Miniature Model Mysteries

Commenters expressed both awe and skepticism regarding the remarkably low parameter counts achieved, particularly by hand-coded models. Some questioned the >99% accuracy threshold, suggesting it might hide deeper issues or imply that these highly optimized solutions are not truly 'discoverable' through standard training. The discrepancy between hand-coded and trained parameter counts sparked discussion on the limits of current training algorithms versus theoretical architectural efficiency.

Definitional Debates

A core theme revolved around the strict rules defining a 'genuine autoregressive transformer' and whether some highly optimized solutions stretched the spirit of the challenge. Discussion centered on the distinction between the model doing the work versus problem-specific logic in the inference code. Commenters explored how transformers, composed of matrix multiplications, process numerical inputs versus a direct mathematical operation, reinforcing the challenge's constraint that carry propagation must emerge from the autoregressive process.
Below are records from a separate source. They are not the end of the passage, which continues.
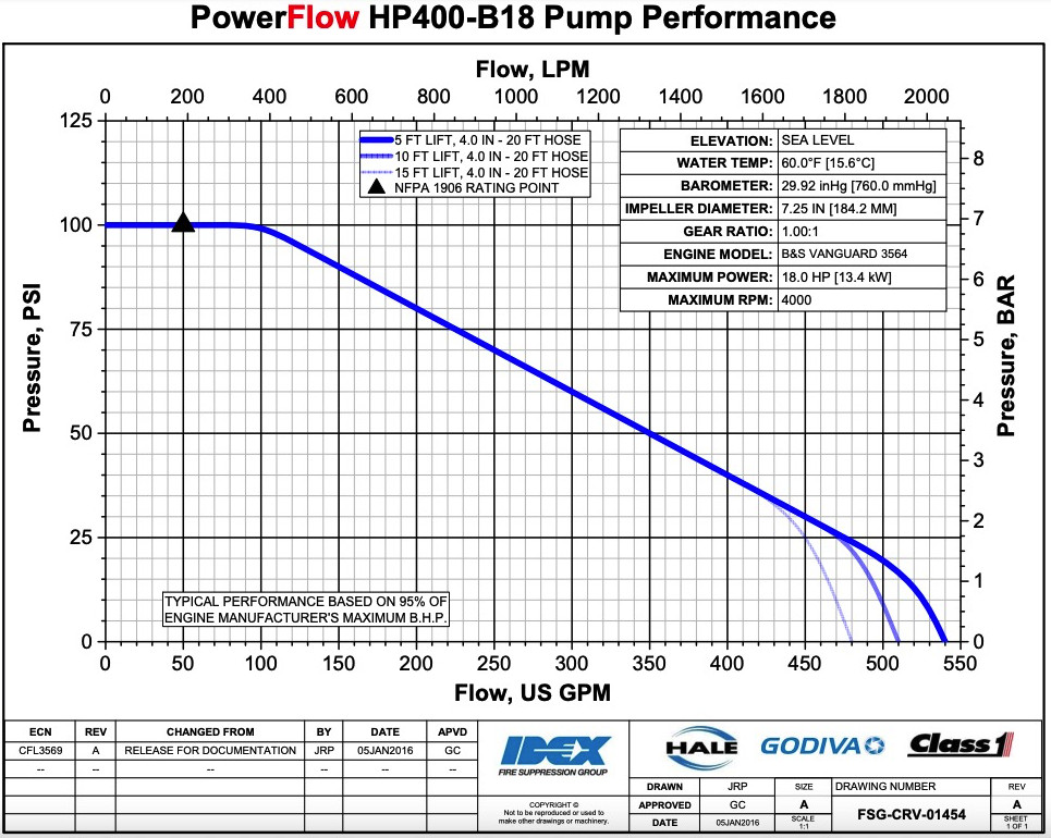 The pump/engine shall be capable of meeting the NFPA 1906 performance rating of 50 GPM @ 100 PSI. Typical pump performance from 5 foot draft at sea level shall be:
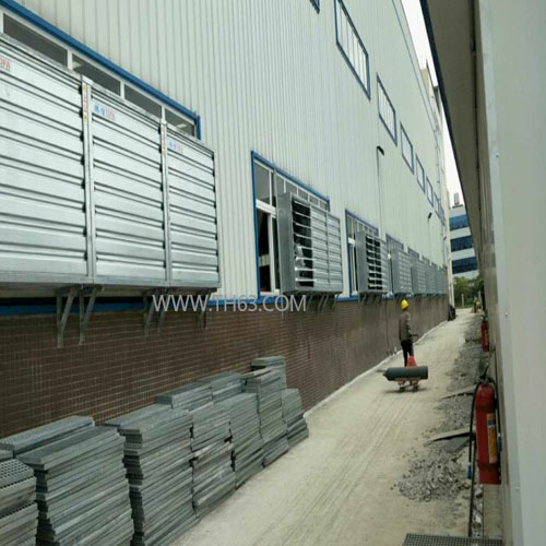 在廠房窗戶的一端安裝上降溫水簾片/濕簾墻降溫設(shè)備,與之相對的一端安裝負(fù)壓風(fēng)機(jī),應(yīng)用負(fù)壓風(fēng)機(jī)將廠房內(nèi)的熱氣抽出,在通風(fēng)散熱除塵的同時(shí),室內(nèi)外造成氣壓差,促使外界的空氣經(jīng)由降溫水簾片/濕簾墻所形成的水膜蒸發(fā)吸熱瞬間降溫,涼爽空氣便會(huì)源源不斷的吹入廠房內(nèi)部,進(jìn)而營造一個(gè)舒適、涼爽、清新的工作環(huán)境。
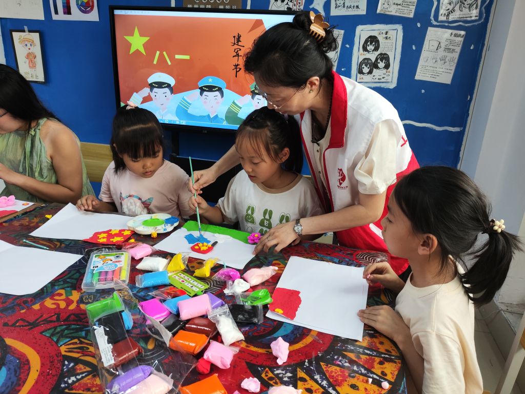 活动中,“平安使者”志愿者为辖区儿童讲解了“八一”建军节的由来,并带领大家制作创意彩泥画,揉、搓、捏、贴…孩子们发挥想象力,给作品搭配了各种元素,每个作品都饱含着孩子们对祖国和军人的美好祝愿和祝福。经过孩子们的认真制作一幅幅红色作品呈现在大家面前,鲜红色的红星闪闪发光,每一幅作品都闪烁着初心使命的光辉。彤彤说:“通过志愿者姐姐的讲解,我切实体会到今天的幸福生活来之不易,正是有了解放军叔叔们的无私奉献,冲锋在前,才有了如今繁荣昌盛的祖国。作为新时代的少年,我们要学习他们的革命精神,将来也要为祖国的发展贡献自己的力量!”
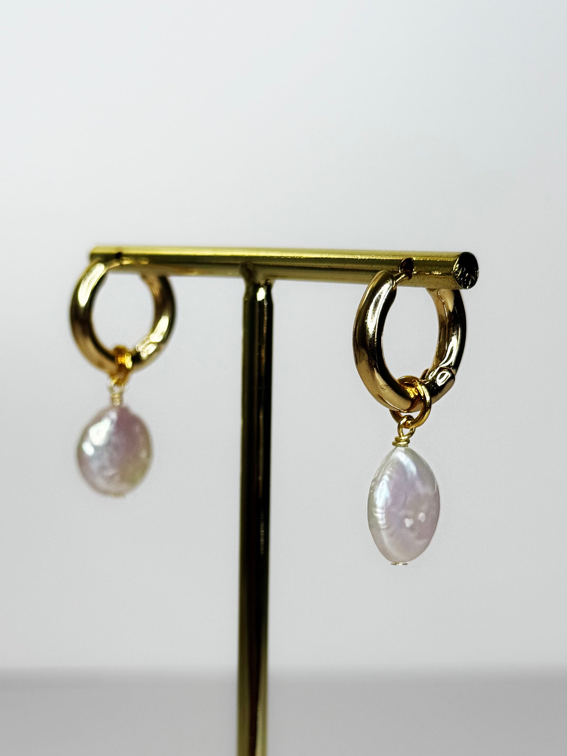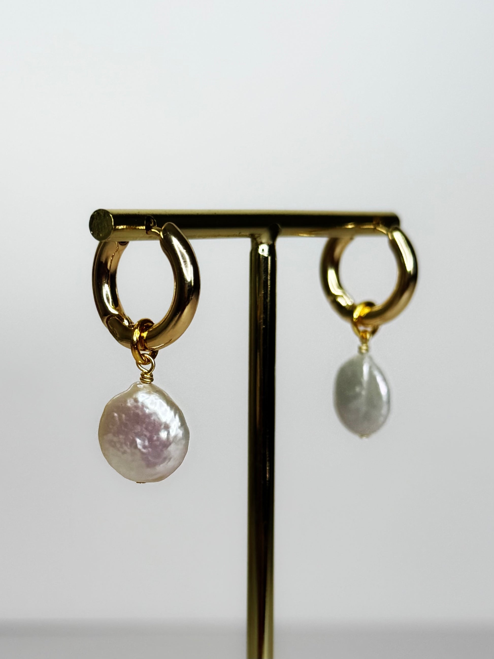 • Design: Chunky hoop design with a dangling coin freshwater pearls
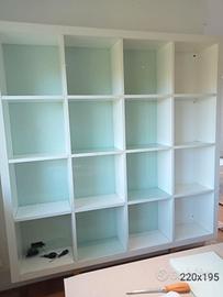La struttura è in laccato o laminato bianco opaco/lucido, ed è suddivisa in 16 ampi scomparti a cubo (4 file in altezza per 4 colonne in larghezza).
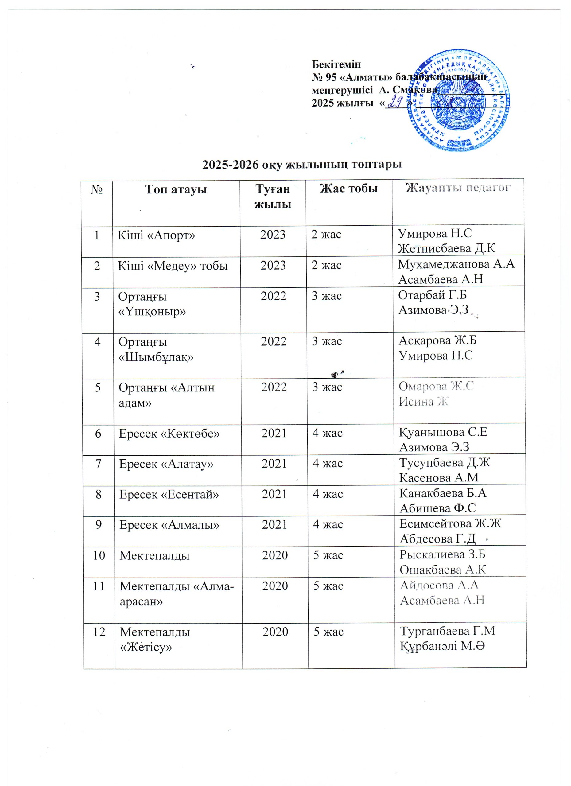 | № | Топ атауы | Жас тобы | Жылдары | Жауапты тәрбиешілер |

Future Feature Fabrications

Users speculated on the broader implications and potential applications of such specialized, minimalist transformers. Ideas ranged from embedding these single-purpose networks with fixed weights directly into larger Language Models (LLMs) before pre-training, to the theoretical possibility of distilling an arbitrary transformer into compact, fast hardware gates. There was also a humorous jab at the general tendency to over-engineer solutions, with a suggestion to 'wrap it all in an Electron app'.